三清山後山, 水榭亭臺連綿,月色跌入林深處。

白石旁,霧色混著水氣, 一片氤氳朦朧。

羅艽洗漱向來三下五除二, 此刻已換上一件素白裏衣,濕發微攏在肩上。

她半跪在雪白的平石邊, 手下幾顆雪裏石。再挑出幾塊圓潤光滑的,捂在手心裏。

湯泉中,葉青洲仍磨磨蹭蹭, 抓一把澡豆,躲在霧氣後頭,還時不時叫幾聲“師姐”。

大抵是為了防止羅艽自個兒先走掉。

羅艽守在泉邊,覺得好笑。“你慢慢來,不著急。師姐說了會陪你的。”

換來葉青洲一聲心滿意足的“嗯”。

少頃, 月色淌入泉水間。冰冷的清輝與滾燙泉色相融, 依舊落出許多熾意。

蒸得羅艽又一頭薄汗。

一擡頭,她敏銳覺察到山林間一陣怪異的震動。

仿佛一只巨物踩著冬林枯枝敗葉,一點一點朝湯泉走來;腳步沈重,宛如一具行屍。

羅艽還未出聲, 已將手按上劍柄。

才要向葉青洲的方向行去, 卻聽身後一道驚慌失措的聲音:“師姐?你, 你去哪兒了?”

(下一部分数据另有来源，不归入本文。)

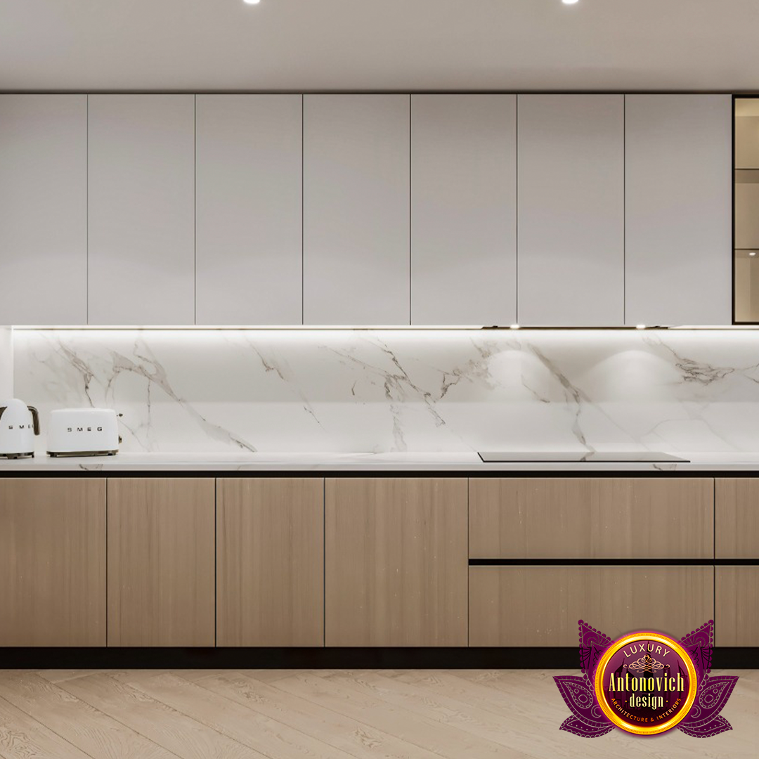 الكراسي والطاولات رائعة، والمساحة مزينة بتفاصيل فاخرة في كل زاوية. الرفوف والخزائن متقنة الشكل؛ انظر تصميم خزانة دبي لأفكار مرتبطة، مما يمنح ديكور مطبخ فخم دبي إحساساً مميزاً. التصميم العام فريد، له لون وبنية جميلان. درجات البني الفاتح الممزوجة بالبني الأغمق تخلق مزاجاً هادئاً ومريحاً في التصميم الداخلي للمطبخ الفاخر. الألوان مهنية أيضاً، والميزات التفصيلية الرائعة ستشجعك على الطهي لفترات طويلة في هذا المطبخ. هذا المزاج مناسب لشخصية فاخرة؛ اللون الفاتح مع لمسة بيضاء مناسب لمن يقدّر القطع المصقولة وتخطيطات عائلية مثل غرفة أطفال مريحة. كما نقدم أفكار مكتب منزلي في دبي للمساحات الصغيرة، ولأفكار منزلية أوسع اطلع على تصاميم بنغالو معاصرة، وأيضاً حلول للمناطق الخارجية مثل منطقة الشواء الخارجية. الجودة الرفيعة للثريا تجذب الانتباه؛ يكاد المكان يشعر وكأنك في غرفة فندقية! للمناطق الرطبة المتناسقة، انظر أفكار تصميم حمام وردي.

那聲音分明極近,仿似就在腦後,可一轉身,錯亂的視線只撲了個空。

羅艽按住不覺劍, 一步躍上白石。

四處不見葉青洲。

饒是羅艽自詡臨危不亂, 此刻也錯愕得緊。

她失聲驚叫:“青洲?”

“師姐!師姐……”葉青洲的聲音恍若隔著濃霧, 分明近在咫尺,一揮手,卻總抓空。

這湯泉本就霧氣濃稠,何況此時冬夜,白霧更甚。

羅艽心下也有些慌亂。

耳畔,葉青洲的聲音已經染上哭腔。“師姐,你究竟在哪裏啊……”

而林深處,那抹怪異的響動還在不斷逼近。

——電光石火之間,羅艽忽而明白過來此刻境遇。

她與葉青洲互相看不見彼此,卻隱約能聽到些許聲音;此刻冬林依舊是一片苦寒,可那步步緊逼的聲響,顯然不屬於平常的三清山。

應當是有幻陣隔開了她與葉青洲!——羅艽立刻想到。

而此時此刻,她亦先入為主地想到,既然是她先覺察異象、聞見了異動,那大抵是她陷入境中。

葉青洲在境外。

深林中的異象徐徐顯現出實體。

像是一團由深色山林漸漸凝成的黑影,漆黑一片,驚得林間鳥獸散。

那輪廓讓羅艽一驚。

分明就是日前那只“棕熊”!

可定睛一瞧,這棕熊分明比這滿山的林葉還要高出不少,壯實得如同一座小山——

登時,羅艽心中,響起了師娘那句話,“或許那只棕熊,壓根兒就殺不死呢?”

如果只是一團幻象,如何殺得死?

羅艽握緊手中劍。

面前,是那座步履遲緩的“棕熊”小山。

羅艽心下定了定神。

不管怎麽說——不論她與葉青洲誰在境裏誰在境丨外——她都得先解決這團幻象。

不覺劍出。

只見一道清寒落在裊裊白霧間。

霎時,此間白霧散盡;夜暮烏啼,都像是在此刻凝結成一片輕盈的月影。

半柱香後,“棕熊”散作一抹雲煙,只在原處留下一道裹挾著幹枯血色的白虬。

羅艽收起劍,立在林間。

她細細瞅著草叢裏那道白虬。

操縱棕熊、又讓棕熊有了“不死之身”的,應當就是這白虬。羅艽心道,師娘當初布置任務時,言下想要的“交差物”,應當也是這玩意兒。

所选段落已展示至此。